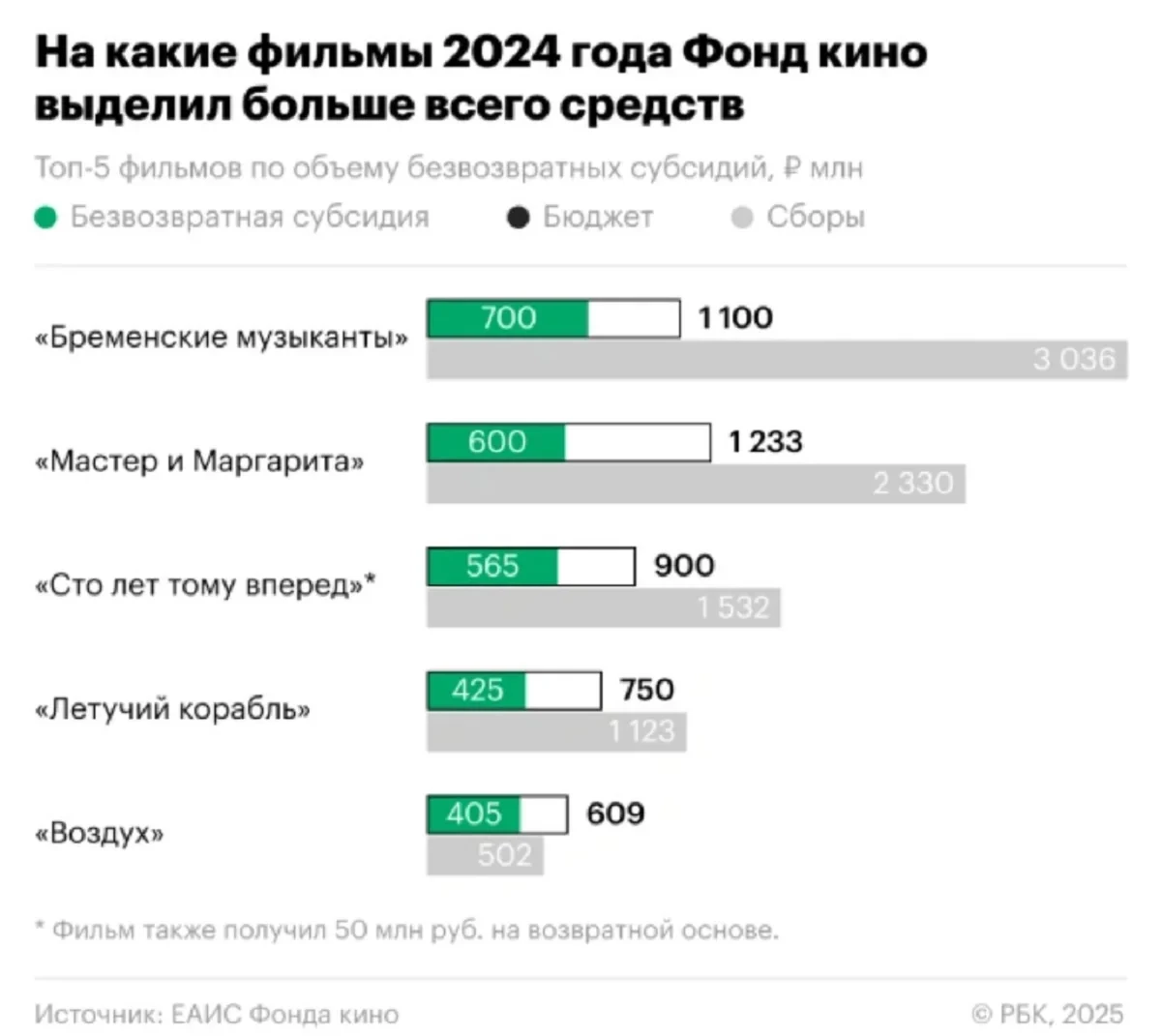 Чтобы считаться таковым, лента должна заработать в два раза больше, чем было потрачено на её создание — всё дело в проценте, который забирают кинотеатры с каждого билета. Наибольшую кассу с коммерческим успехом в 2024 году забрал «Холоп 2» — он заработал 3,8 млрд рублей при бюджете в 768 миллионов. Остальные молодчики Фонда кино выглядят следующим образом:
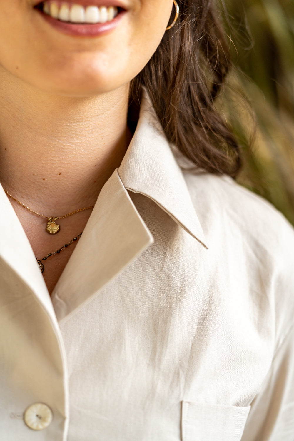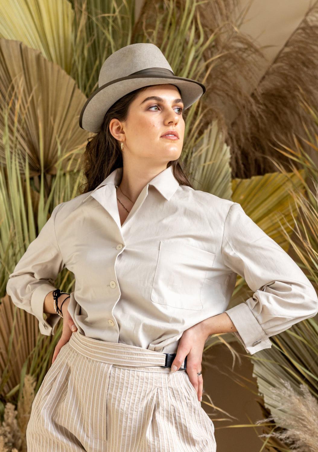 French cuffs are the most elegant form of shirt cuffs on men. Here, with 7/8 sleeves, they are a real eye-catcher for the blouse. With the French cuff, buttonholes take the place of buttons in other cuffs - the sleeves are then connected with cuff knots or cuff links. If you don't have any at home: you can quickly find them at men's outfitters or in any department stores. You can also find wonderful cufflinks in vintage stores - as in our styling example.
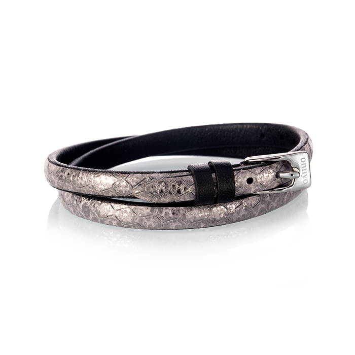 Glitz by Omiyo is a distinctive luxurious hand-crafted dual contrasting genuine leather bracelet that naturally curls into a double loop forming a fashion statement around your wrist and fastened by an adjustable buckle.
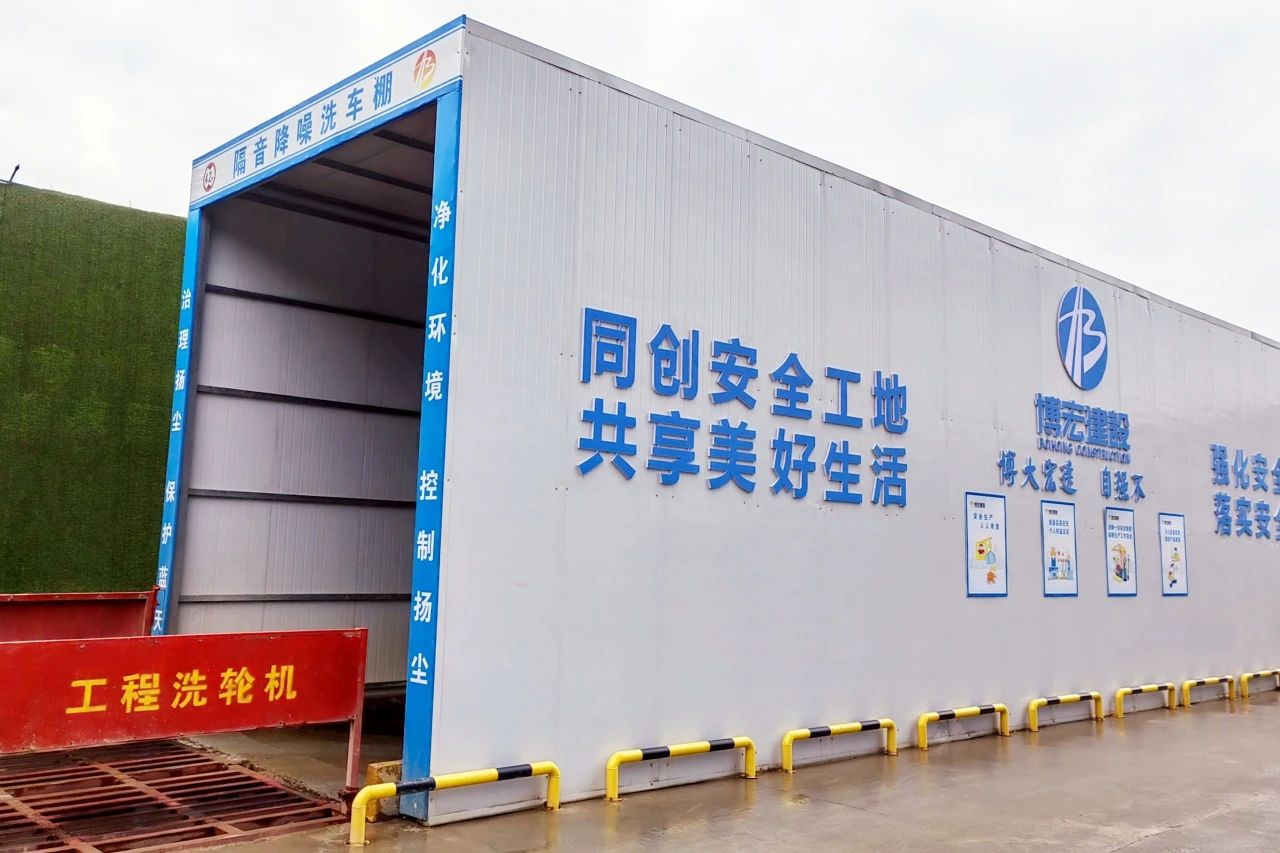 開工伊始,該項目即確立了創建省市建筑工程安全文明施工現場的目標,按照相關要求進行規劃布置,施工現場道路全硬化,依托臨時綠化打造花園式工地,配置太陽能路燈噴淋一體化設備、隔音降噪洗車棚、新能源移動灑水車、揚塵監測設備等,守住揚塵治理底線,實現工地揚塵治理常態化監管。

○ ○ ○

▶ [ACTION ITEM] Give the listing above again in its entirety, exactly as written and free of images.

▶ [RESULT OF THE TASK]
 Чтобы считаться таковым, лента должна заработать в два раза больше, чем было потрачено на её создание — всё дело в проценте, который забирают кинотеатры с каждого билета. Наибольшую кассу с коммерческим успехом в 2024 году забрал «Холоп 2» — он заработал 3,8 млрд рублей при бюджете в 768 миллионов. Остальные молодчики Фонда кино выглядят следующим образом:
 French cuffs are the most elegant form of shirt cuffs on men. Here, with 7/8 sleeves, they are a real eye-catcher for the blouse. With the French cuff, buttonholes take the place of buttons in other cuffs - the sleeves are then connected with cuff knots or cuff links. If you don't have any at home: you can quickly find them at men's outfitters or in any department stores. You can also find wonderful cufflinks in vintage stores - as in our styling example.
 Glitz by Omiyo is a distinctive luxurious hand-crafted dual contrasting genuine leather bracelet that naturally curls into a double loop forming a fashion statement around your wrist and fastened by an adjustable buckle.
 開工伊始,該項目即確立了創建省市建筑工程安全文明施工現場的目標,按照相關要求進行規劃布置,施工現場道路全硬化,依托臨時綠化打造花園式工地,配置太陽能路燈噴淋一體化設備、隔音降噪洗車棚、新能源移動灑水車、揚塵監測設備等,守住揚塵治理底線,實現工地揚塵治理常態化監管。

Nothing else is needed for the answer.